--- START ---

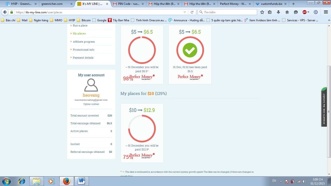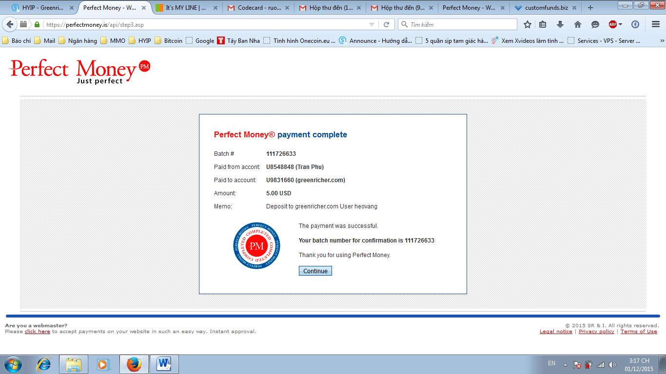 The amount of 1.9 USD has been deposited to your Perfect Money account. Accounts: U9831660->U. Memo: API Payment. Withdraw to from greenricher.com.. Date: 08:28 01.12.15. Batch: 111723800.
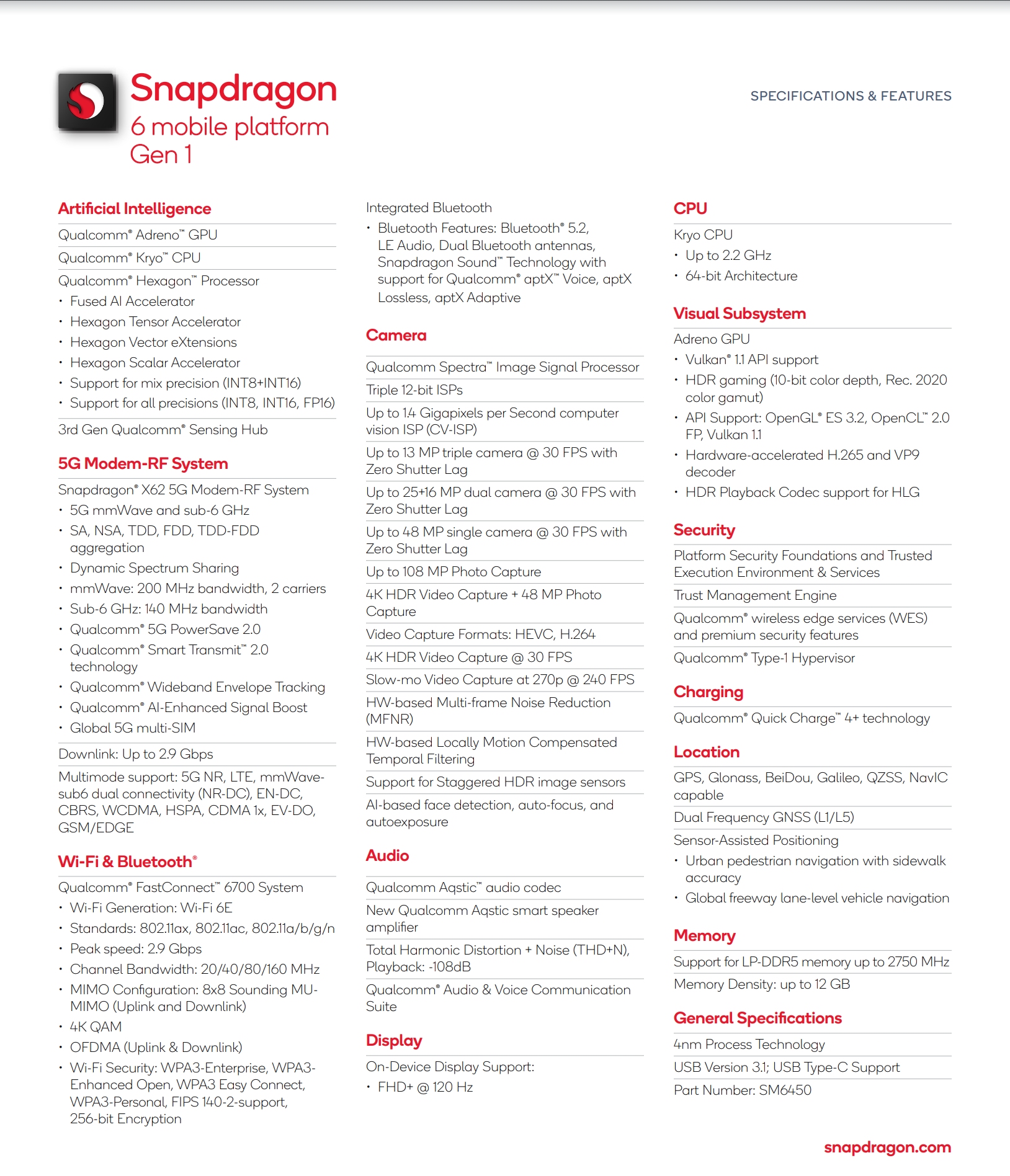 Za połączenie w nowym produkcie musi odpowiadać modem Snapdragon X62. Będzie obsługiwać sieci 5G mmWave i sub-6GHz. Smartfony oparte na Snapdragon 6 Gen 1 będą wyposażone w ekrany FHD+ i częstotliwość odświeżania do 120 Hz. Ponadto otrzymają wsparcie dla Qualcomm FastConnect 6700 WiFi 6E, Bluetooth 5.2, potrójny aparat z czujnikami 13 MP, podwójny aparat 25 MP + 16 MP i pojedynczy aparat 48 MP.
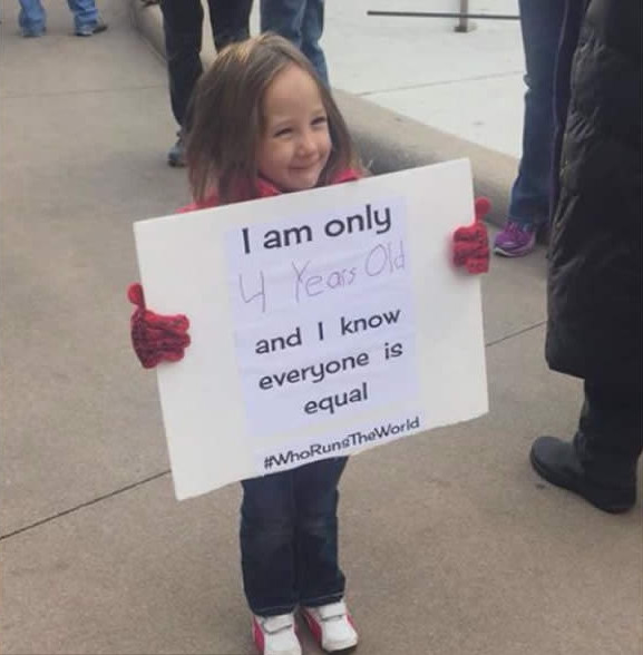 Một cô bé với biểu ngữ: "Cháu mới chỉ 4 tuổi nhưng cháu biết mọi người đều bình đẳng."
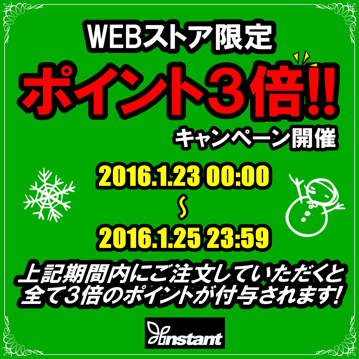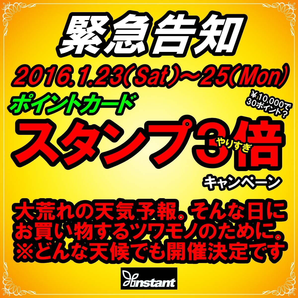 通常¥1,000お買い上げごとに1ポイントですが1/23~1/25の期間中にお買い物をしていただくと、なんと3倍!¥1,000で3ポイントゲットできます!ってことは¥10,000買ったら、、、え?30?ポイント????アリエナーイ。
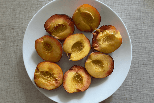 Wash the peaches, dry them, cut them in half, and remove the pits.
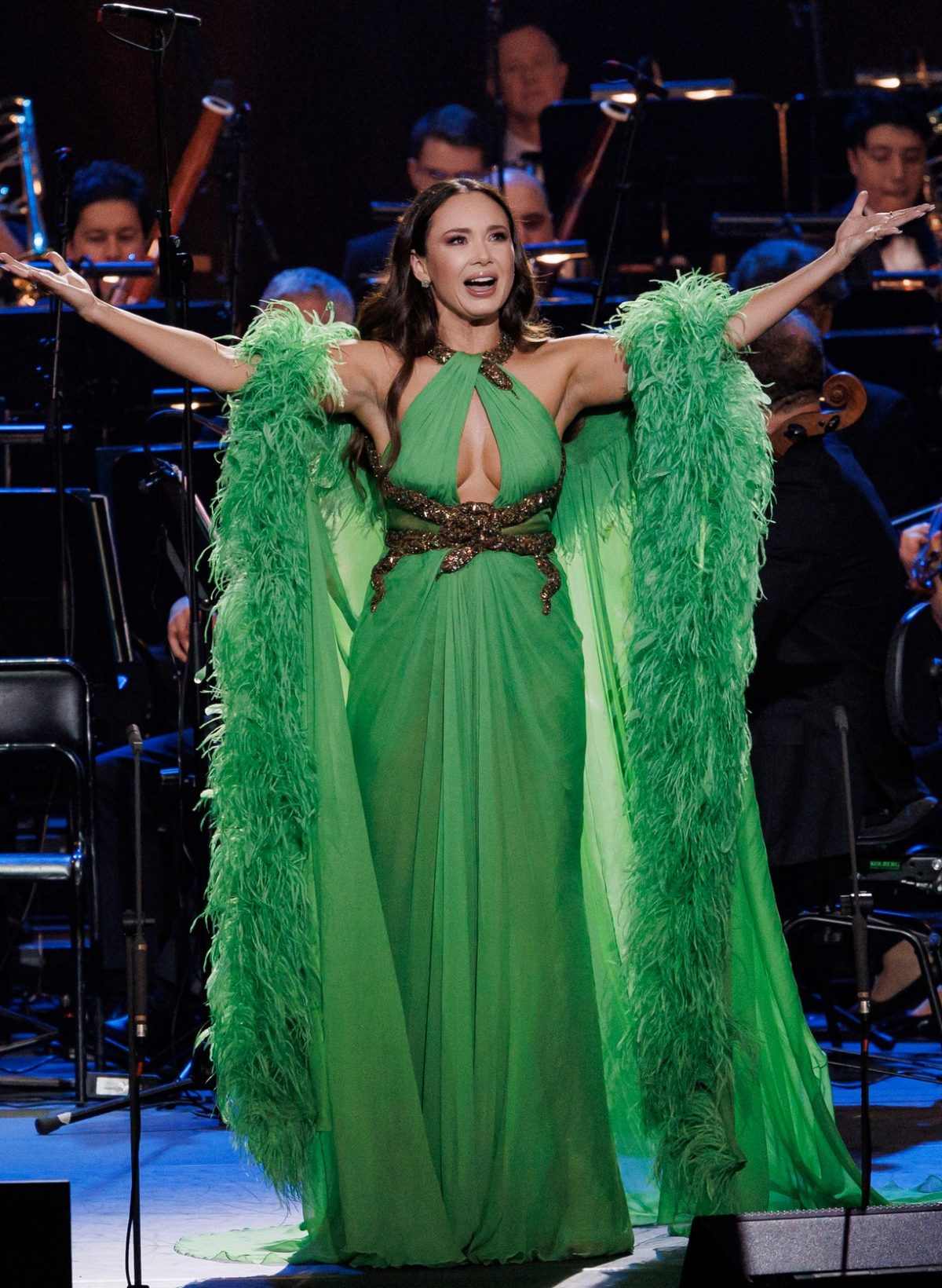 Для концерта в Большом театре Аида Гарифуллина подготовила четыре необыкновенных платья с феноменальными декольте и титаническую программу с невероятной амплитудой вокальных амплуа и характеров. Такую коллекцию абсолютно разных образов могла позволить себе разве что лишь Мария Каллас, но не в одном вечере, а на протяжении всей карьеры.
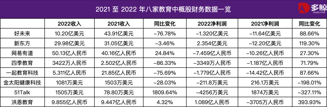 2021 至 2022 年,是好未来、新东方、网易有道、洪恩教育、51Talk、一起教育科技、四季教育 和 金太阳健康科技 八家教育中概股集体经历剧烈震荡的阶段。这一年间,它们的财务数据呈现出明显的「整体承压、分化初显」格局,成为此后行业重构的起点。

--- END ---

The problem:
Return, exactly as they stand, the lines from the opening line of the listing through the line with "Wash the peaches, dry", both ends counted, and no pictures.

Written answer:
 The amount of 1.9 USD has been deposited to your Perfect Money account. Accounts: U9831660->U. Memo: API Payment. Withdraw to from greenricher.com.. Date: 08:28 01.12.15. Batch: 111723800.
 Za połączenie w nowym produkcie musi odpowiadać modem Snapdragon X62. Będzie obsługiwać sieci 5G mmWave i sub-6GHz. Smartfony oparte na Snapdragon 6 Gen 1 będą wyposażone w ekrany FHD+ i częstotliwość odświeżania do 120 Hz. Ponadto otrzymają wsparcie dla Qualcomm FastConnect 6700 WiFi 6E, Bluetooth 5.2, potrójny aparat z czujnikami 13 MP, podwójny aparat 25 MP + 16 MP i pojedynczy aparat 48 MP.
 Một cô bé với biểu ngữ: "Cháu mới chỉ 4 tuổi nhưng cháu biết mọi người đều bình đẳng."
 通常¥1,000お買い上げごとに1ポイントですが1/23~1/25の期間中にお買い物をしていただくと、なんと3倍!¥1,000で3ポイントゲットできます!ってことは¥10,000買ったら、、、え?30?ポイント????アリエナーイ。
 Wash the peaches, dry them, cut them in half, and remove the pits.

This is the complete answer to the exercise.